The beauty of Thailand is amplified by lush, cinematic visuals. Bringing all that to life was cinematographer Assada Sreshthaputra, who shared Suthi’s passion for stylish visuals.
“Myself and Assada, the DOP, are passionate about filmmaking and visual storytelling, so we obsessively discussed movies, scenes, shots, styles, cameras, and lenses every time we met. We shot with our favourite Red Helium and Leitz Summilux-C lens.”
Suthisak and cinematographer Assada Sreshthaputra
Creating the show has been a long journey for Suthi. He started writing the scripts in February, shot the first episode in Petchaburi province in June, and then headed to Buriram and Surin provinces in July. “It’s two months shooting but many months for preparation,” says Suthi.
In fact, time was one of the trickiest things that Suthi had to navigate. “Time management is the most challenging [aspect]. We had a limited budget and time so we had to be precise, stay focused and manage the production well. Using a second unit to separately shoot the food and cooking scenes helped save lots of time. And fortunately, we got great actors, they’re very experienced and professional.”

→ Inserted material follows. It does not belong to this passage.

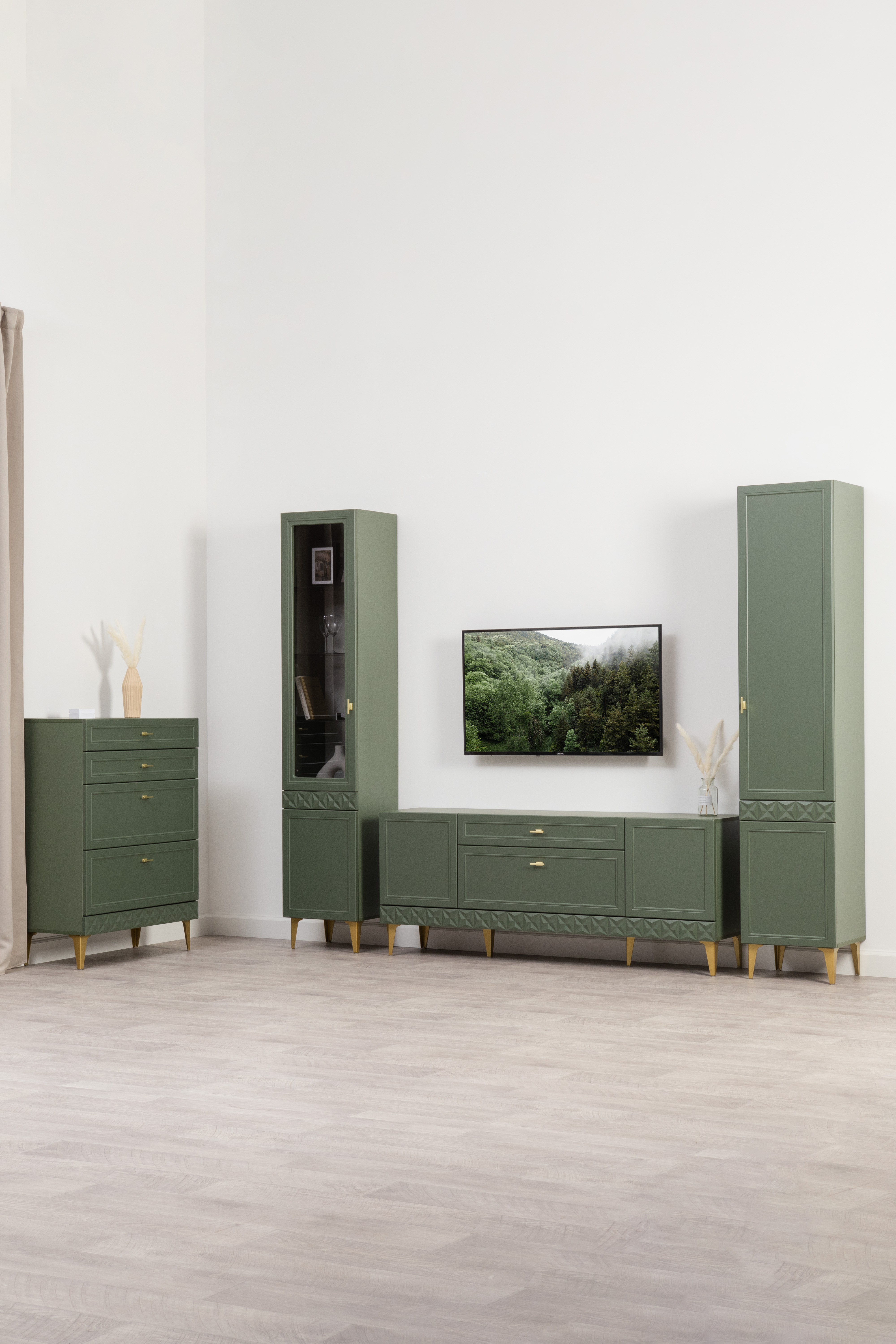 Комод Марион 16.249 дымчатый зеленый K521, олива шагрень AG 1050 ПВХ, белый PE шагрень

Suthisak and crew on location in Buriram
Indeed, the timescales were completely upside-down and unrecognisable from what Suthi was used to in the advertising world. And that wasn’t the only way that TVland and adland diverge…

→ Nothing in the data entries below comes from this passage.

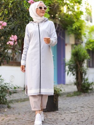 Tofisa Gri Kapüşonlu Hırka
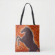 Parfait d'un sac aimable d'art pour occidental, cheval aimant des gallons. Le mustang de élevage de châtaigne est placé sur un fond contrastant de rouge orange ardemment.
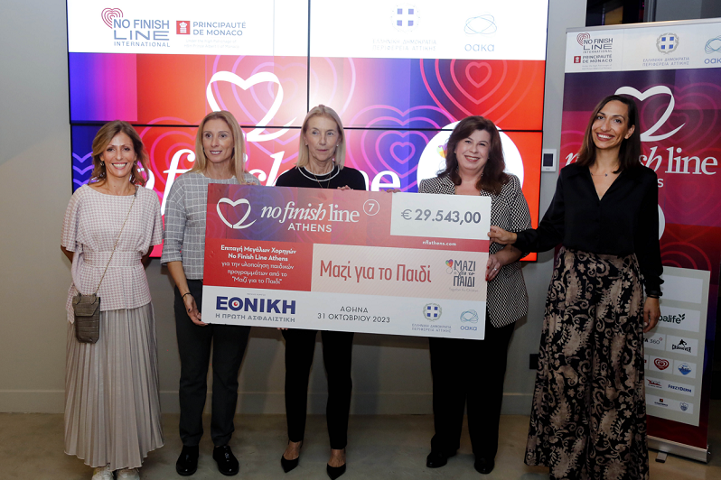 Στην Ένωση «Μαζί για το Παιδί» παραδόθηκε η επιταγή των 29.543 ευρώ που συγκεντρώθηκαν από τα χιλιόμετρα που κάλυψαν οι χιλιάδες δρομείς που συμμετείχαν στο 7ο No Finish Line Athens, τον Μάϊο, στο ΟΑΚΑ.

“It’s so different! In filmmaking, we have lots of freedom without clients watching monitors and giving comments on shots we shoot, but it’s a different world which requires different skillset, tools and techniques,” says Suthi. “It’s a much bigger jigsaw puzzle! But nothing is too hard, we can achieve anything as long as we are willing to do it.”
Shooting the Sarus Crane
It’s been an enormously satisfying project for Suthi in terms of realising a new creative ambition, but from his perspective, the experience of exploring Thailand and discovering some of its hidden gems has made the production an eye-opening adventure in its own right. In fact, Suthi’s personal highlight was tracking down the incredibly rare Sarus Crane (commonly known as ‘Thai cranes’).

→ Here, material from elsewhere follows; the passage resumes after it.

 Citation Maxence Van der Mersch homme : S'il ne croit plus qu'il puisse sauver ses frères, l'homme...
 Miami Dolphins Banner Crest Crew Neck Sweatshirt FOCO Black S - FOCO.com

“It took us many months to find and prepare to find these crane birds! They were nearly extinct 50 years ago but have made a strong recovery. In 2021, 133 were released into the nature of the Buriram province. We thought it would be easy for an actor to stay close, touch or kiss them but no! They’re wild animals and they’re raised that way!”
Suthisak on set behind the camera
With the whole adventure wrapped up, Suthi is now waiting for Chauffeur Chef to hit TV screens. So, is he tempted to do more in the world of TV and film?
“Filmmaking is not my job, it’s my passion,” says Suthi. “I’d love to write more Chauffeur Chef episodes, and perhaps even write and direct a feature film next.”